Nam Woo-hyun (; born February 8, 1991), known mononymously as Woohyun, is a South Korean singer, songwriter and actor known for his work as a member of South Korean boy group Infinite. 

Nam began his solo career in 2016 with released EP Write.., which charted at number two on Gaon Album Chart and number nine on the Billboard World Albums chart. Since then, he continued to release more solo music, Second Write.. (2018), A New Journey (2019), and With (2021).

Life and career

Early life and career beginnings
Nam Woo-hyun was born and raised in Seoul, South Korea. He graduated from Dong-ah Institute of Media and Arts, majoring in Applied Music. He has an older brother, Nam Boo-hyun, who is the owner of BBQ restaurant Meok & Sam.

Nam initially aspired to be a soccer player. However, he could not pursue this dream and eventually realized his dream of becoming a singer when he was in high school, and auditioned at Woollim Entertainment along with two other agencies, one of which was YG Entertainment, to pursue a career as a solo singer. He passed the audition and was accepted into Woollim with a cover of Stevie Wonder's "Lately" and began training as an idol trainee. He admitted being a little disappointed but worked hard to practice dancing instead.

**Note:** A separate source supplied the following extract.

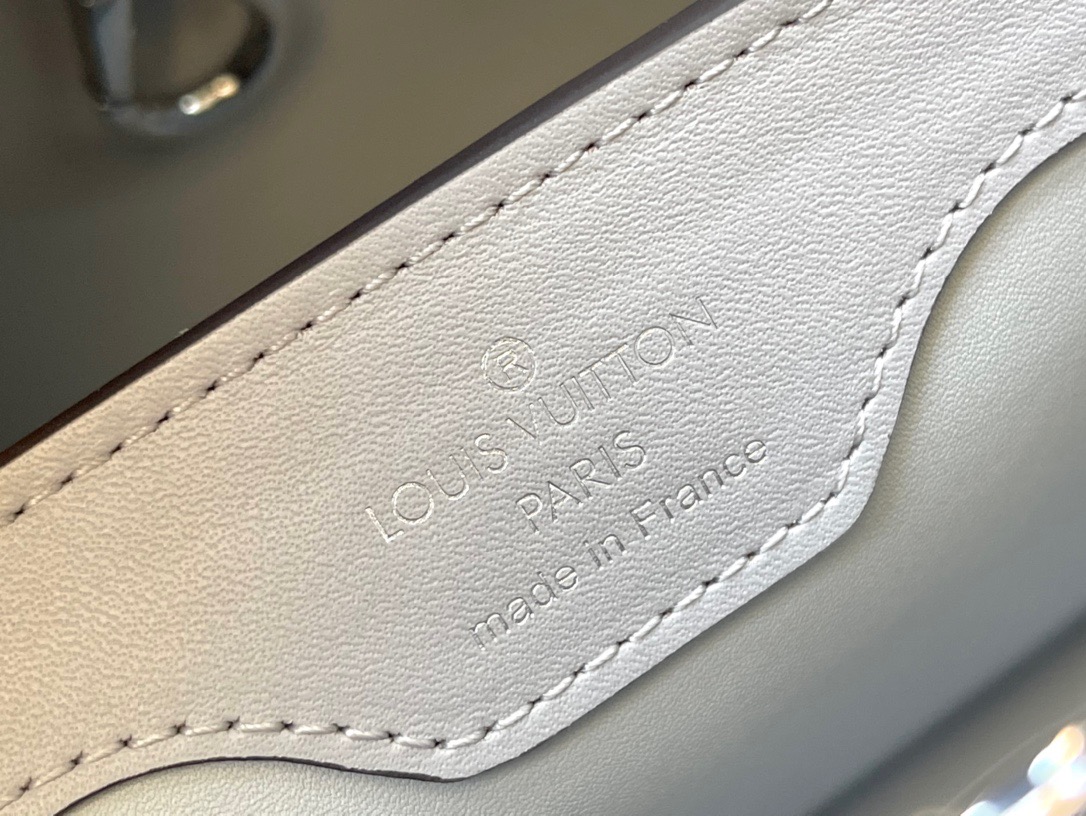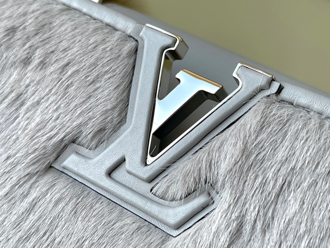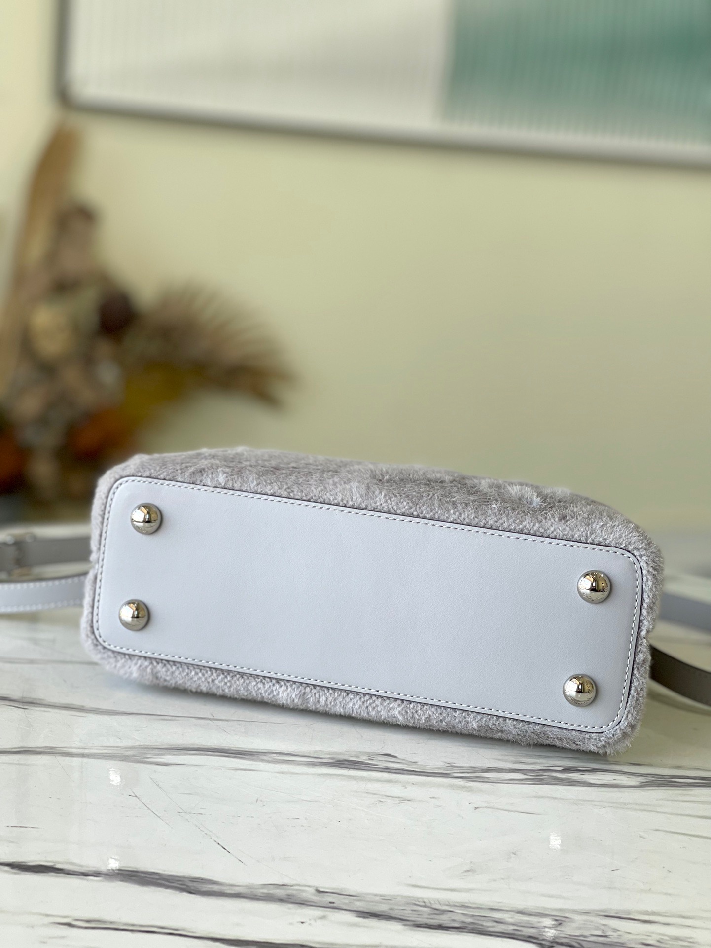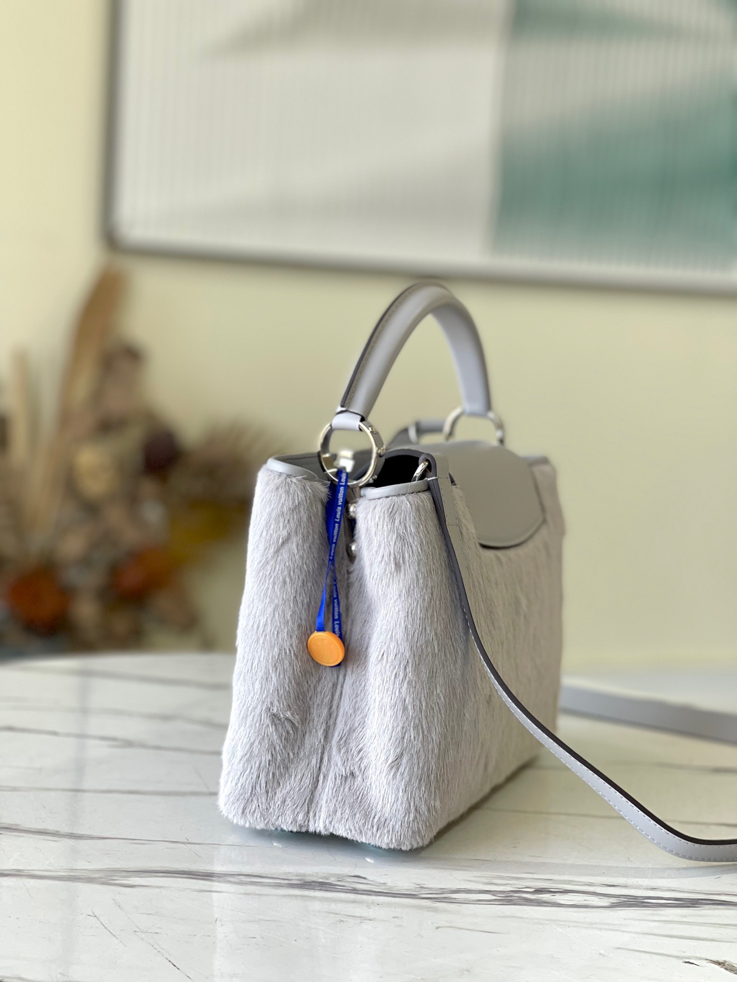 Top Original M48865 Mink Gray Silver Buckle This Capucines Small Handbag is made of Taurillon calf leather and mink fur and leather, singing winter whispers. The Monogram flower blooms on the wide leather shoulder body, which can be easily switched between shoulder and cross-body; the rolled leather handle realizes the choice of hand-carrying or elbow-carrying. Detailed features: 26.5 x 17.5 x 9 cm (length x height x width)

Nam began his career as a model for a shopping mall alongside Beast's Junhyung and T-ara's Jiyeon. He also competed in the 6th Hello Star Contest performing Lee Hyori's "U Go Girl". In one of his first broadcast appearances, he played the lead role in KooPD's music video for Guigamalo in 2007. Later in 2009, he appeared on Mnet's Girl Punch and sang Lee Seung-gi's "Words That Are Hard to Say".

Nam officially debuted as a member of Infinite on June 9, 2010.
In September 2011, Nam joined Immortal Songs 2 as a fixed member. His first performance on the show aired on October 1. On November 1, it was announced that he would be leaving the show due to Infinite's upcoming Japanese promotions, and his final episode was aired November 5. He later made two more additional appearances on the show, once by himself in January 2012 and again with group mate Sungkyu in December 2012.

2012–2015: Solo activities and Toheart
In 2012, his career in musical theatre began with a supporting role in the musical Gwanghwamun Sonata. Nam and Sungkyu shared the role of Jiyong, the son of the female lead. The musical ran in Korea from January 3 to March 11, 2012, and in Japan from January 4 to 6, 2013. Nam made his first foray into acting in August with a minor role in the drama The Thousandth Man.

In February 2013, he released a duet song titled "Cactus" (선인장) with South Korean Indie Singer, Lucia. It is a cover of Epitone Project's song of the same, and was included as part of a special project album, Re;code.

On February 20, 2014, SM Entertainment announced the formation of a special unit, Toheart, consisting of Nam and Shinee's Key.  Toheart debuted with their first mini album and title track Delicious on March 10 and made their live debut on March 12 through a MelOn Premiere Showcase. In April, Nam was cast in a lead role for the KBS drama Hi! School: Love On alongside Kim Sae-ron and group mate Lee Sung-yeol, playing the character Shin Woo-hyun. Nam released a soundtrack "When Love Comes" for SBS drama Modern Farmer on October 24, 2014. In December, Nam directed the horror short film What Happened in Hong Kong.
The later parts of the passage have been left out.